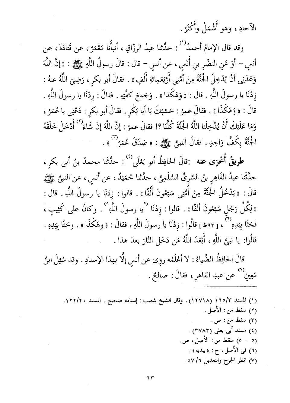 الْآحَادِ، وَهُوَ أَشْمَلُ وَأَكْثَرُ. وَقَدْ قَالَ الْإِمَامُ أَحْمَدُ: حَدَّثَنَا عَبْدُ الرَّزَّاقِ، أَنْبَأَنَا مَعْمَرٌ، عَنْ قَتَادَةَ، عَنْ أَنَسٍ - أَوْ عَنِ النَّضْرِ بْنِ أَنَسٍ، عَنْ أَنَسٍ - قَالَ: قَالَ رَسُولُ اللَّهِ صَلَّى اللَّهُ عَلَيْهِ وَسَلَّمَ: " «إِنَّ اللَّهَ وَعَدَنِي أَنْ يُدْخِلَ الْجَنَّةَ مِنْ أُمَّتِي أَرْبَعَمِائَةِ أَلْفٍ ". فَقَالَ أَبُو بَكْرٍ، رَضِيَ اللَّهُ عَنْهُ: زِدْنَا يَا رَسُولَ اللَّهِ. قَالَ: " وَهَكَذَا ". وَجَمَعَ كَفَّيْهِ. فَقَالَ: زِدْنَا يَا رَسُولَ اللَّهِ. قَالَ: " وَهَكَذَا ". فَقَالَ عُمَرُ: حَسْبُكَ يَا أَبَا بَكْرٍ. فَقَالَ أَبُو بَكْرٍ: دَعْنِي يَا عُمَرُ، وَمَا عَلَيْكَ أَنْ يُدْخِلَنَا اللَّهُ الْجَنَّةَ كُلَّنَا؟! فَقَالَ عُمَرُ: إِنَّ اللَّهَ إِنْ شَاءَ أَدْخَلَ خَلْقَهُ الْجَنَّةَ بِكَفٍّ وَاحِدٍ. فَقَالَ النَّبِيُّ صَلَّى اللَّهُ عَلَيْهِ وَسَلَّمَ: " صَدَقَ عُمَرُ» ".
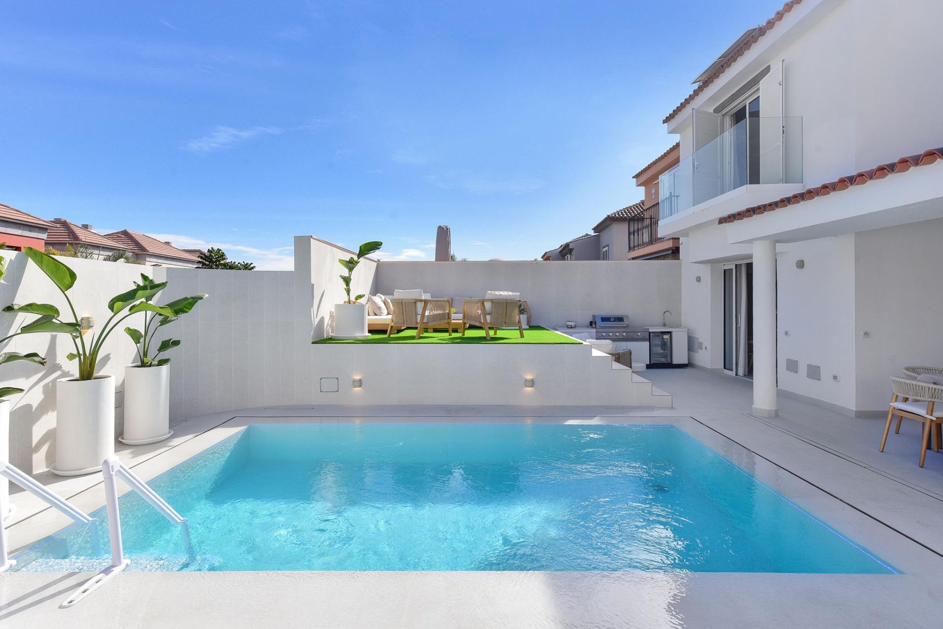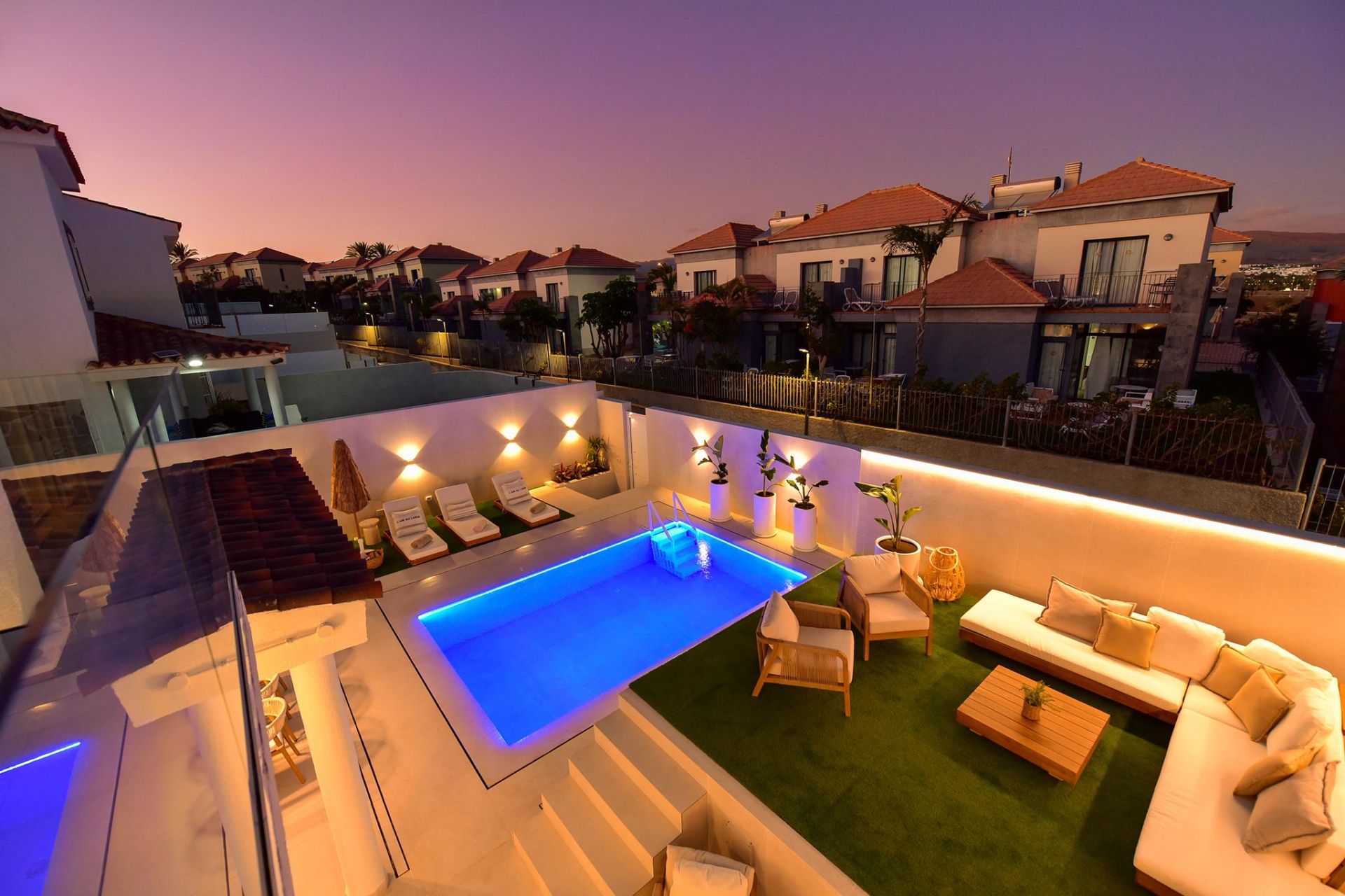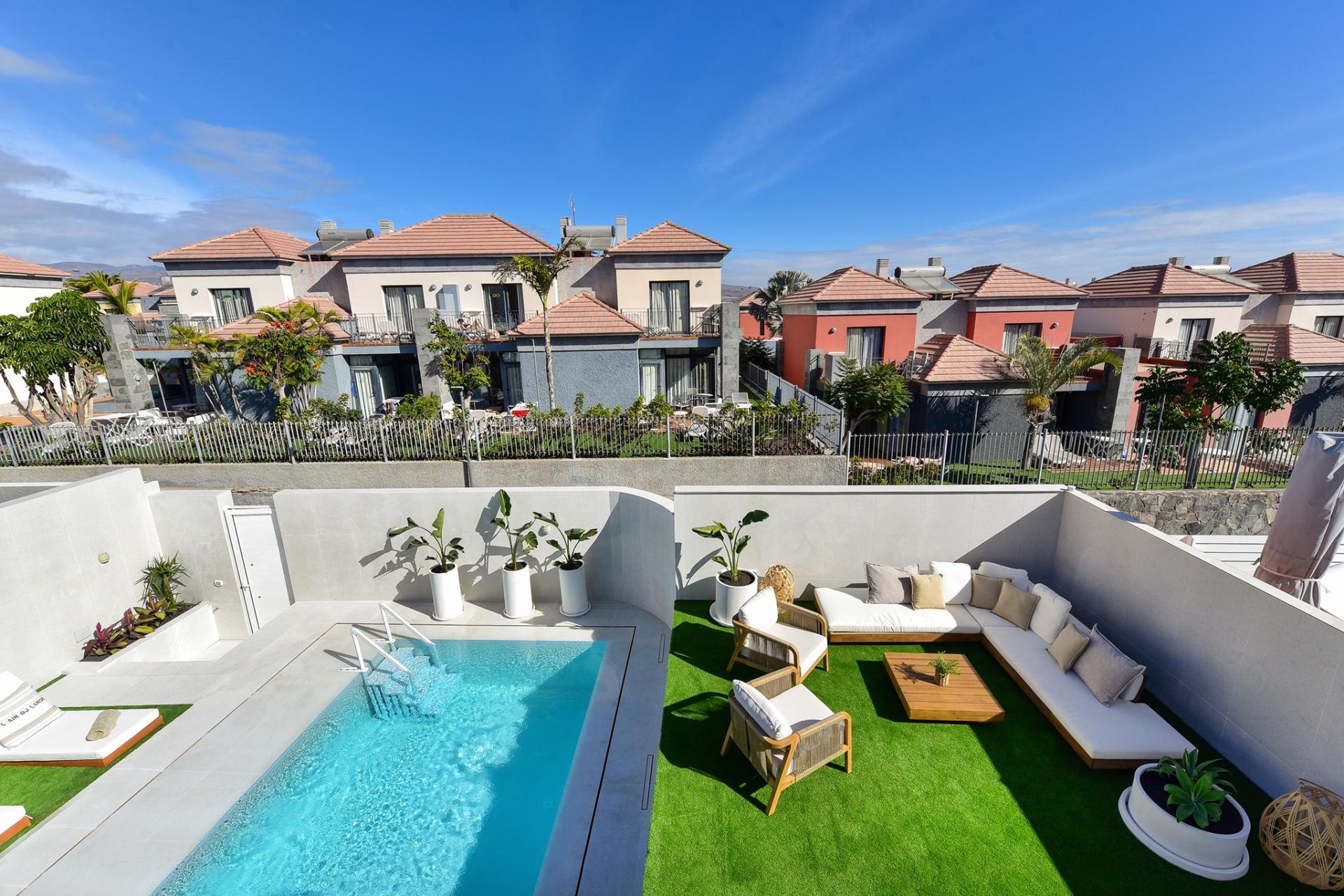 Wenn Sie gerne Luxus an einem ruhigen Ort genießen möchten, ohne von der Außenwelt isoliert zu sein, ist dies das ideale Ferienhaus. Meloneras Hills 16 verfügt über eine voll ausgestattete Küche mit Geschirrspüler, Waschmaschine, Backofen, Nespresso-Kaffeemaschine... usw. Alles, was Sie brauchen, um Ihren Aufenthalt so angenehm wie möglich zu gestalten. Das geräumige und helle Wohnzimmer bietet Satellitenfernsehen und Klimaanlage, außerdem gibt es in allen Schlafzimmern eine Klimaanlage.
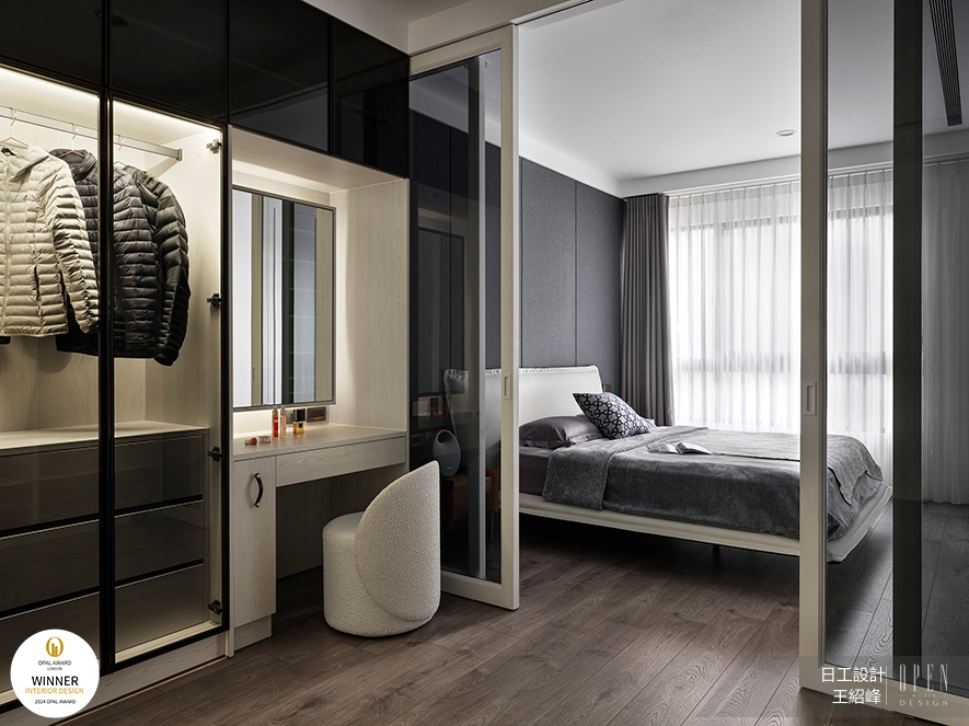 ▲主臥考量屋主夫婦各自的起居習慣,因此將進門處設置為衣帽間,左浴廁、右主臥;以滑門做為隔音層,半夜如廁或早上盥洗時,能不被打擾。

----------------

▸ **To do**: All of the listing above has to be reproduced exactly, though without its images.

▸ **Exercise solution**:
 الْآحَادِ، وَهُوَ أَشْمَلُ وَأَكْثَرُ. وَقَدْ قَالَ الْإِمَامُ أَحْمَدُ: حَدَّثَنَا عَبْدُ الرَّزَّاقِ، أَنْبَأَنَا مَعْمَرٌ، عَنْ قَتَادَةَ، عَنْ أَنَسٍ - أَوْ عَنِ النَّضْرِ بْنِ أَنَسٍ، عَنْ أَنَسٍ - قَالَ: قَالَ رَسُولُ اللَّهِ صَلَّى اللَّهُ عَلَيْهِ وَسَلَّمَ: " «إِنَّ اللَّهَ وَعَدَنِي أَنْ يُدْخِلَ الْجَنَّةَ مِنْ أُمَّتِي أَرْبَعَمِائَةِ أَلْفٍ ". فَقَالَ أَبُو بَكْرٍ، رَضِيَ اللَّهُ عَنْهُ: زِدْنَا يَا رَسُولَ اللَّهِ. قَالَ: " وَهَكَذَا ". وَجَمَعَ كَفَّيْهِ. فَقَالَ: زِدْنَا يَا رَسُولَ اللَّهِ. قَالَ: " وَهَكَذَا ". فَقَالَ عُمَرُ: حَسْبُكَ يَا أَبَا بَكْرٍ. فَقَالَ أَبُو بَكْرٍ: دَعْنِي يَا عُمَرُ، وَمَا عَلَيْكَ أَنْ يُدْخِلَنَا اللَّهُ الْجَنَّةَ كُلَّنَا؟! فَقَالَ عُمَرُ: إِنَّ اللَّهَ إِنْ شَاءَ أَدْخَلَ خَلْقَهُ الْجَنَّةَ بِكَفٍّ وَاحِدٍ. فَقَالَ النَّبِيُّ صَلَّى اللَّهُ عَلَيْهِ وَسَلَّمَ: " صَدَقَ عُمَرُ» ".
 Wenn Sie gerne Luxus an einem ruhigen Ort genießen möchten, ohne von der Außenwelt isoliert zu sein, ist dies das ideale Ferienhaus. Meloneras Hills 16 verfügt über eine voll ausgestattete Küche mit Geschirrspüler, Waschmaschine, Backofen, Nespresso-Kaffeemaschine... usw. Alles, was Sie brauchen, um Ihren Aufenthalt so angenehm wie möglich zu gestalten. Das geräumige und helle Wohnzimmer bietet Satellitenfernsehen und Klimaanlage, außerdem gibt es in allen Schlafzimmern eine Klimaanlage.
 ▲主臥考量屋主夫婦各自的起居習慣,因此將進門處設置為衣帽間,左浴廁、右主臥;以滑門做為隔音層,半夜如廁或早上盥洗時,能不被打擾。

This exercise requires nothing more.